Problem details: Each line from the opening of the material through the line holding "Figure 5 shows" needs to be returned exactly, with the pictures left out.

Data listing:

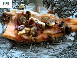 Colocar en una fuente los filetes de truchas cubrir con los champiñones y finalizar con los taquitos de jamón.
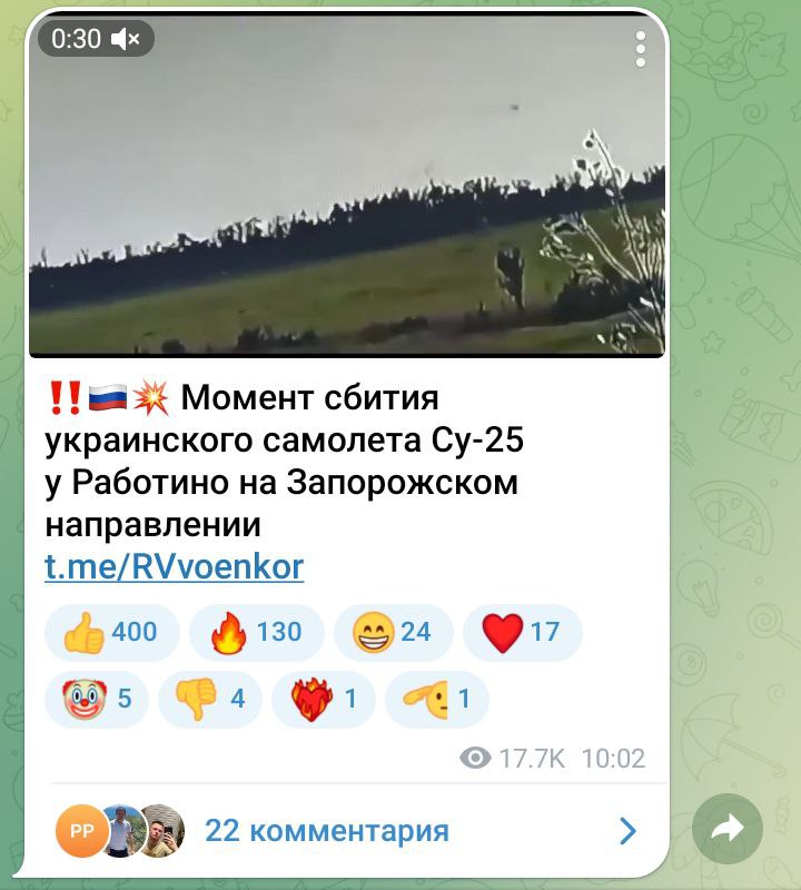 🫡Точно в ціль - під Роботине відʼємно злетів ворожий су-25
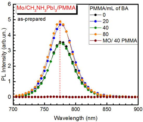 Figure 5 shows PL spectra for perovskite coated with 0, 20, 40, and 80 mg/mL of PMMA and for 40 mg/mL PMMA on Mo substrate. The maximum emission was observed at the same wavelength of 775 nm for all perovskite samples. This was consistent with the data reported elsewhere [
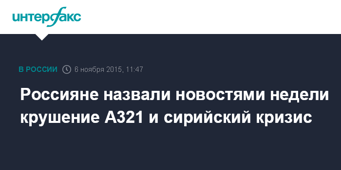 Более четверти опрошенных (26%) поставили авиакатастрофу над Синаем на главное место в списке новостей недели, которые больше всего волновали россиян. Столько же (26%) отметили сообщения о ситуации в Сирии и вокруг нее, военную операцию России в этой стране.
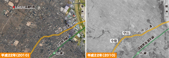 守山駅周辺の空中写真(国土地理院サイトより。昭和22年は米軍撮影)
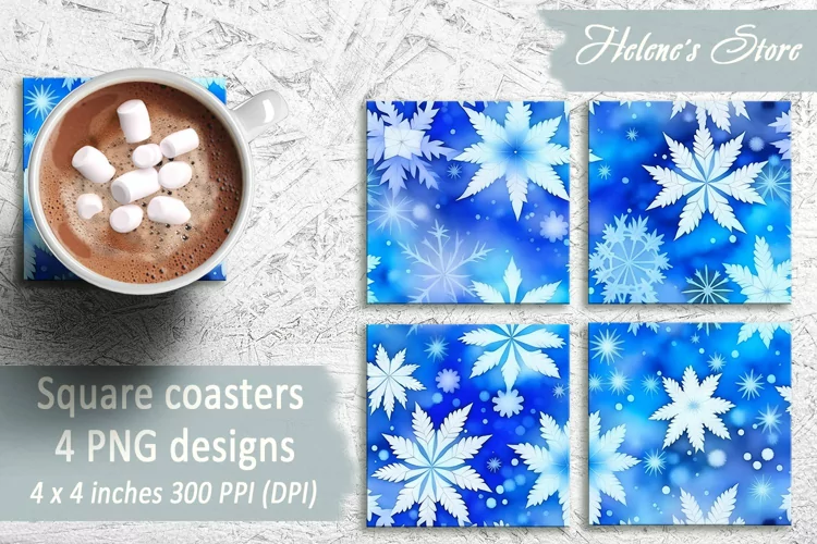 Blue Christmas Snowflakes Background Floral Winter Christmas Sublimation Winter Sublimation Blue Sublimation Christmas Winter Sublimation Sublimation Coaster Square Square Sublimation Coasters Coaster Square Sublimation
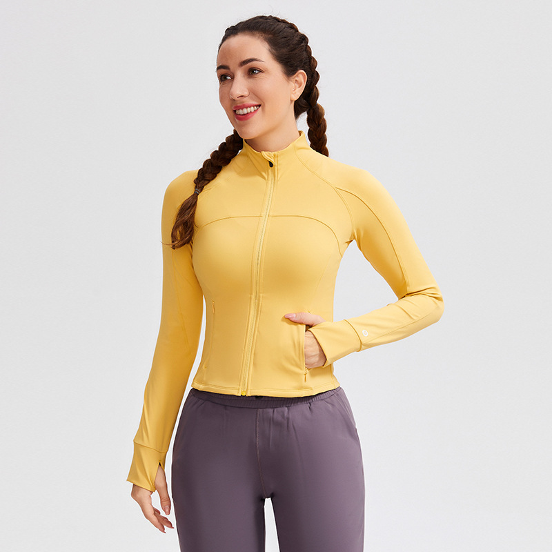 caijue 才爵 运动瑜伽外套 长袖女秋 修身显瘦弹力 高级感气质瑜伽服 跑步健身外套外套 NSRF2342501 枇杷黄超强弹性 修身显瘦
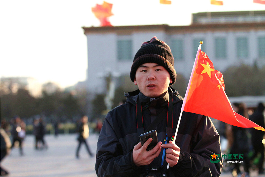 2018年1月1日清晨,北京天安门广场举行隆重的升国旗仪式,这是由人民解放军担负国旗护卫任务后,首次举行的升旗仪式。这是升旗仪式结束后观众留影纪念。中国军网记者孙智英 摄
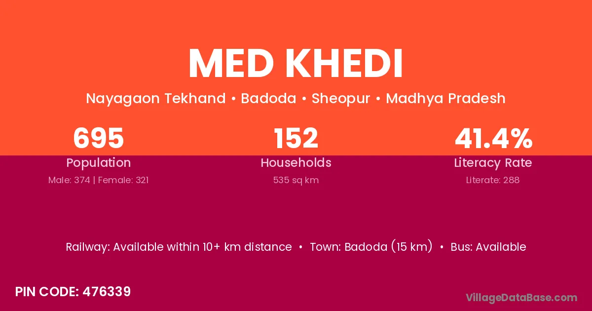 Med Khedi village has a total population of 695 people, of which 374 are males and 321 are females.
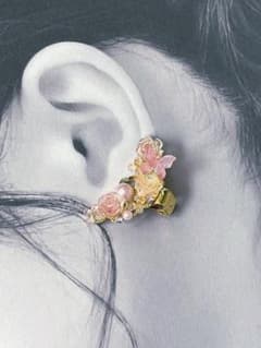 蝶とローズのイヤーカフ/イヤリング ハンドメイド
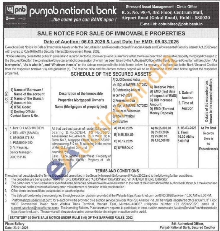 All that part and parcel of residential property bearing D.No.52/E/4, TS No.706/3, Assessment No.9402/E/4, CTS Ward No.6, Block No.7, Alagappa Street, Bellary-583101 admeasuring 312 sq. ft. standing in the name of Mrs. D. Lakshmi Devi and bounded by: East: Lane, North: Lane, West Property of Smt Narasamma, South Property of Mr. Durugappa
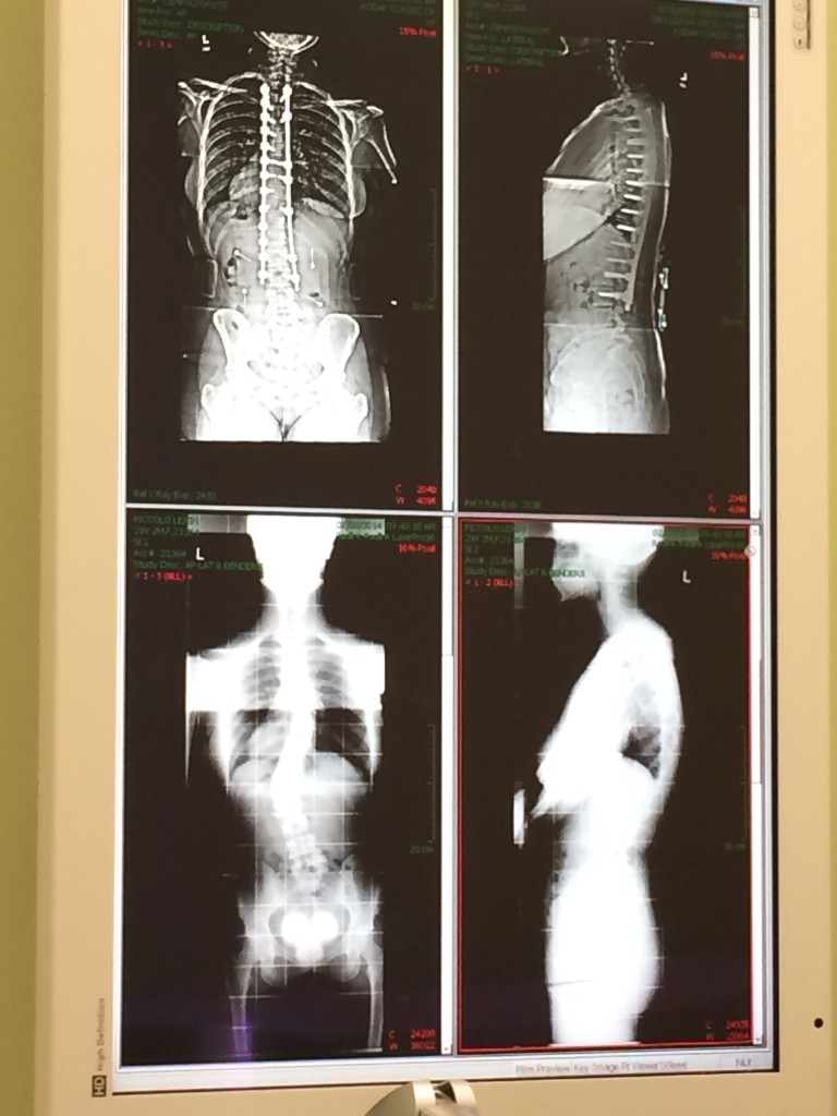 My name is Leigh and I want to share my journey through my spinal fusion surgery. I have had scoliosis since I was 13, and at the age of 30 I noticed it had been progressing more than I would like. With two curvatures in the 40 degree range I opted for a spinal fusion to correct my scoliosis which would fuse T3-L3 of my spine. While I did not get the surgery at HSS, it was very successful. I am nearly fully corrected for both my scoliosis and kyphosis. See pre and post op x-rays.
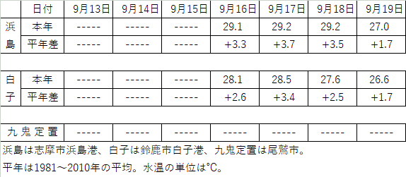 | 熊野灘周辺の概況 | 9月16日に調査船が実施した調査結果によると、浮魚礁海域の表面水温は、28〜29℃台で、北東寄りに0.5〜0.8kt前後の流れを観測した。三重県沿岸の潮位偏差は、10〜20cm前後低めで推移している。 |
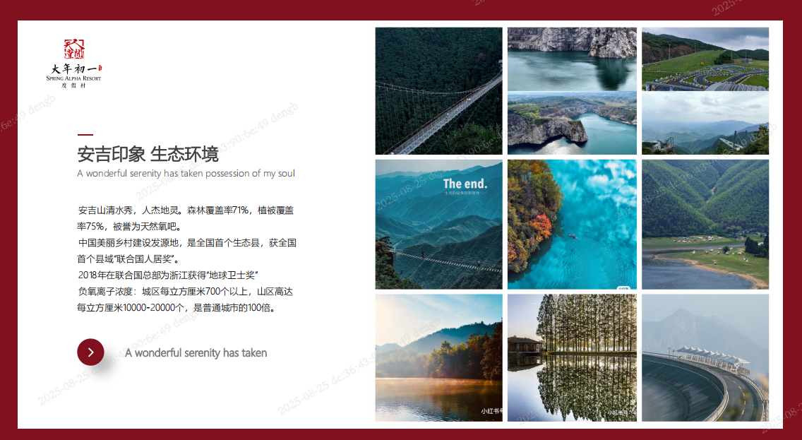 該酒店項目地處浙江省安吉縣余村,山清水秀,森林覆蓋率71%。安吉是中國美麗鄉(xiāng)村建設(shè)發(fā)源地,是全國首個生態(tài)縣,獲全國首個縣域“聯(lián)合國人居獎”。大年初一度假村以明清古建筑和江南園林為設(shè)計原軸,結(jié)合安吉本地以及中國經(jīng)典傳統(tǒng)文華特色;大年初一是安吉美麗鄉(xiāng)村旅游的一張名片,擁有客房共計1103間房,2600個床位,分布于5個村。旅游設(shè)施配套齊全,近1000平的室內(nèi)恒溫泳池(夏季開放)、涌泉(冬季開放)、中醫(yī)館、漢服館、射箭館、垂釣、書吧等,有安吉最大的會議中心,可接待千人。

Task output:
 Colocar en una fuente los filetes de truchas cubrir con los champiñones y finalizar con los taquitos de jamón.
 🫡Точно в ціль - під Роботине відʼємно злетів ворожий су-25
 Figure 5 shows PL spectra for perovskite coated with 0, 20, 40, and 80 mg/mL of PMMA and for 40 mg/mL PMMA on Mo substrate. The maximum emission was observed at the same wavelength of 775 nm for all perovskite samples. This was consistent with the data reported elsewhere [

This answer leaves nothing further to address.